Records from a data collection:
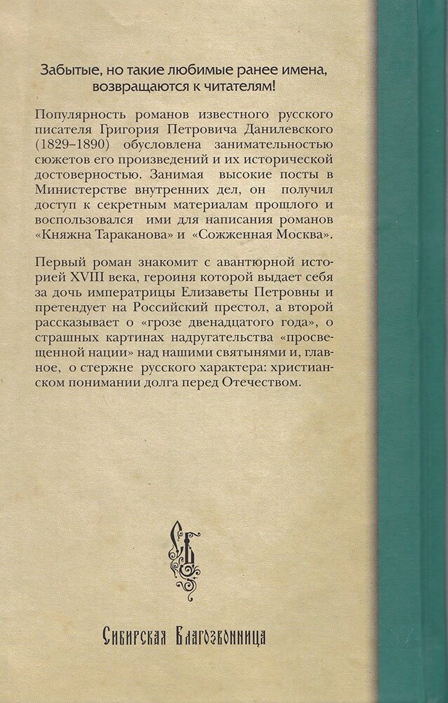 Княжна Тараканова. Сожженная Москва. Роман (Григорий Данилевский); Сибирская Благозвонница, 2010
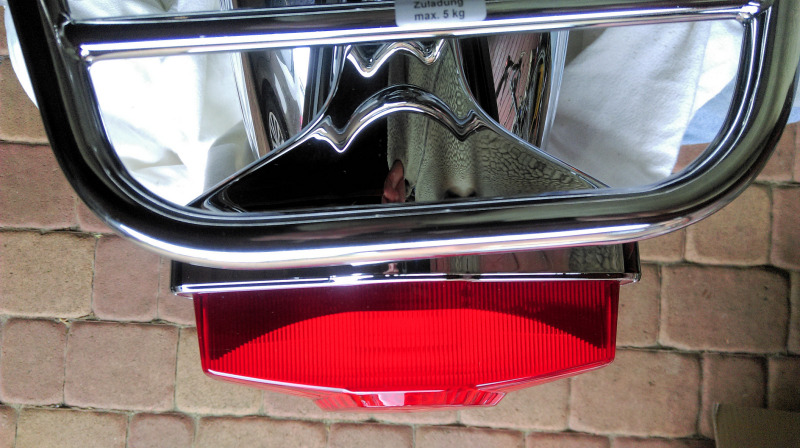 Ich habe versucht, ihn zu montieren. Liess sich aber nicht gerade anbringen (siehe Foto, im Vergleich zum Rücklicht...), und alle Befestigungspunkte waren ziemlich unter Spannung. Habe das reklamiert und Fehling will mit einer Schablone nachprüfen, ob der Träger die richtige Form hat. Fehling kommentierte noch folgendermassen: "leider läßt die Masshaltigkeit bei den Motorrädern zu wünschen übrig, wir statten unsere Gepäckträger mit Langlöchern aus um etwas Spielraum für die Montage zu schaffen. Der Kunde hat die Möglichkeit das Produkt zur Prüfung einzusenden. Wir können anhand unserer Schablonen überprý
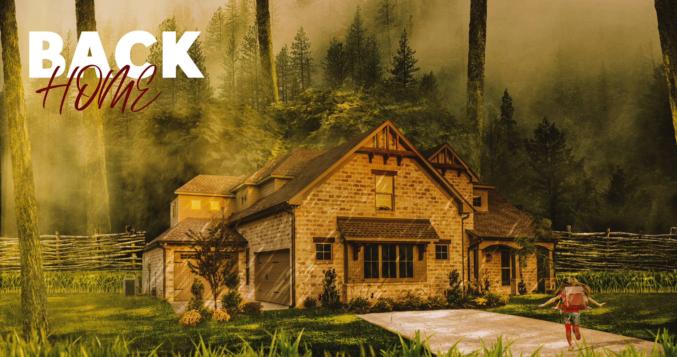 This Visual Describe The Happiness When The Girl Back To Her Home, This Home is between The Grass and trees
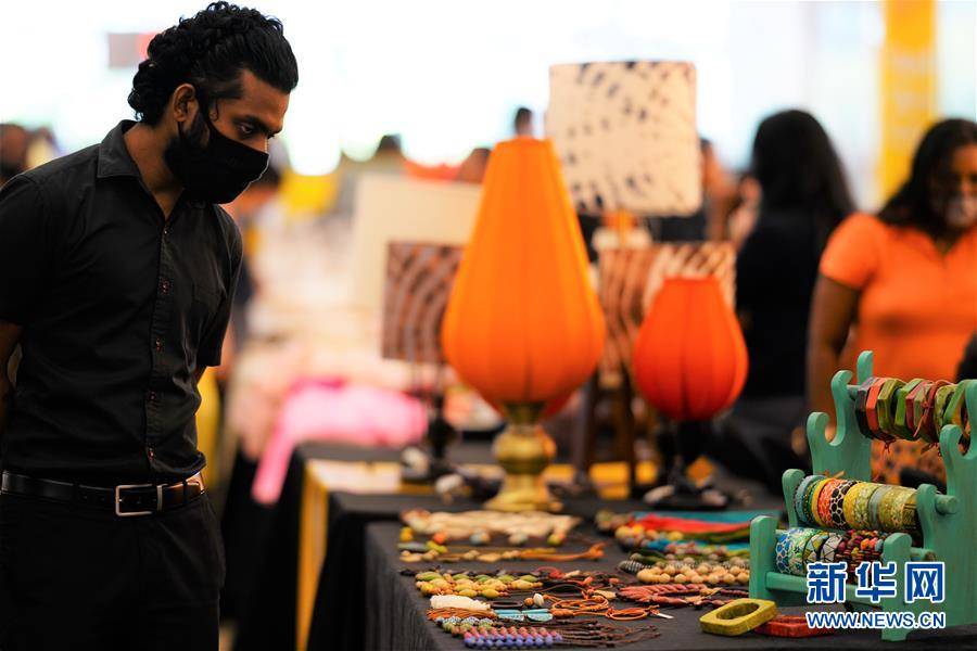 人们在斯里兰卡首都科伦坡的“锡兰工匠网络周末集市”上购物。新华社记者 唐璐 摄
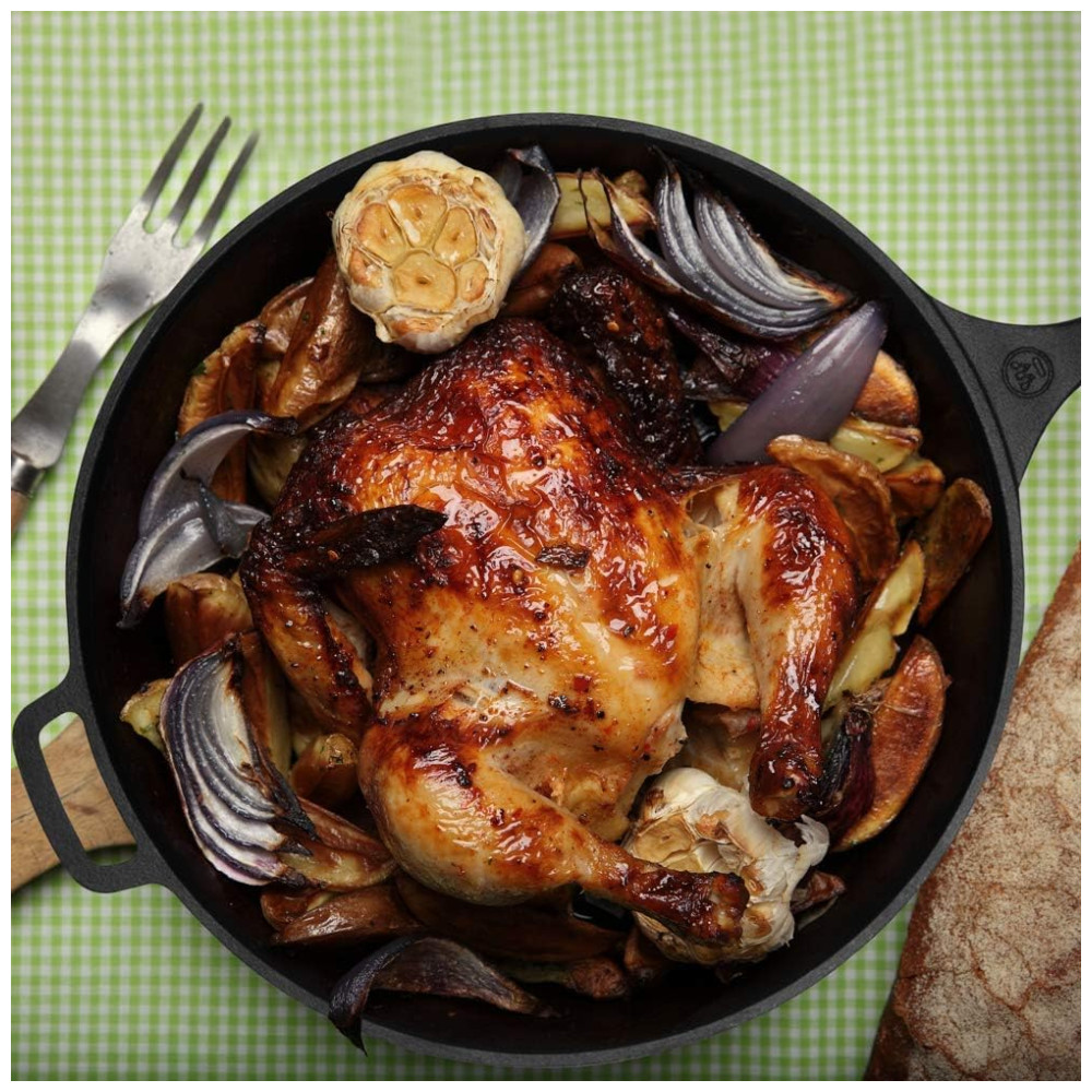 VERSATILIDADE Esta frigideira CHEF de ferro fundido de 15 polegadas pode ser usada no fogão, no forno, na grelha ou mesmo ao ar livre em uma fogueira. Grelhe, asse ou frite refeições deliciosas com esta frigideira de ferro fundido ou até mesmo use como travessa da cozinha à mesa.
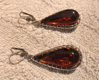 orecchini made home pendenti a goccia in tonalità ambra con montatura color argento
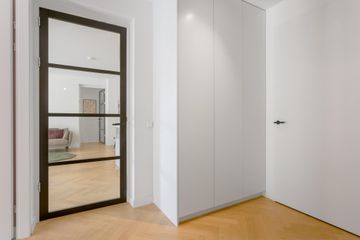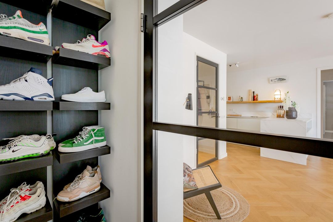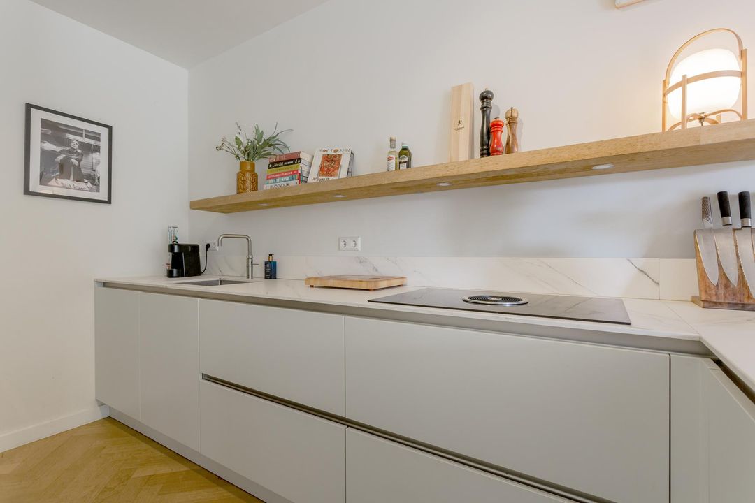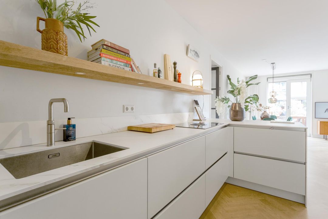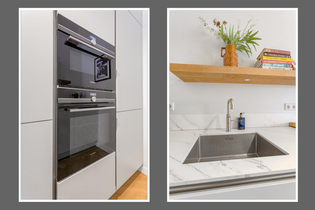 Entrance through the communal entrance on the ground floor. Once there you enter the hall where the toilet is located, through the beautiful glass doors there is access to the spacious living room with lots of light, double doors to the garden, and the luxurious open kitchen. The kitchen is equipped with an induction hob (from the Bora brand) with extraction in the middle, an oven, microwave, a large fridge, a dishwasher, a Quooker, plenty of storage space, and a ceramic worktop with a marble look. The bedrooms can be reached on both sides of the living room, on the left are two bedrooms, a bathroom, and a laundry/storage room. The two bedrooms, one of which is very spacious with a washbasin with a mirror, both have access and a view of the garden.

PROBLEM DETAILS: Give again, word for word, the lines above from the first one through the one containing "orecchini made home"; no pictures.

WORKED SOLUTION:
 Княжна Тараканова. Сожженная Москва. Роман (Григорий Данилевский); Сибирская Благозвонница, 2010
 Ich habe versucht, ihn zu montieren. Liess sich aber nicht gerade anbringen (siehe Foto, im Vergleich zum Rücklicht...), und alle Befestigungspunkte waren ziemlich unter Spannung. Habe das reklamiert und Fehling will mit einer Schablone nachprüfen, ob der Träger die richtige Form hat. Fehling kommentierte noch folgendermassen: "leider läßt die Masshaltigkeit bei den Motorrädern zu wünschen übrig, wir statten unsere Gepäckträger mit Langlöchern aus um etwas Spielraum für die Montage zu schaffen. Der Kunde hat die Möglichkeit das Produkt zur Prüfung einzusenden. Wir können anhand unserer Schablonen überprý
 This Visual Describe The Happiness When The Girl Back To Her Home, This Home is between The Grass and trees
 人们在斯里兰卡首都科伦坡的“锡兰工匠网络周末集市”上购物。新华社记者 唐璐 摄
 VERSATILIDADE Esta frigideira CHEF de ferro fundido de 15 polegadas pode ser usada no fogão, no forno, na grelha ou mesmo ao ar livre em uma fogueira. Grelhe, asse ou frite refeições deliciosas com esta frigideira de ferro fundido ou até mesmo use como travessa da cozinha à mesa.
 orecchini made home pendenti a goccia in tonalità ambra con montatura color argento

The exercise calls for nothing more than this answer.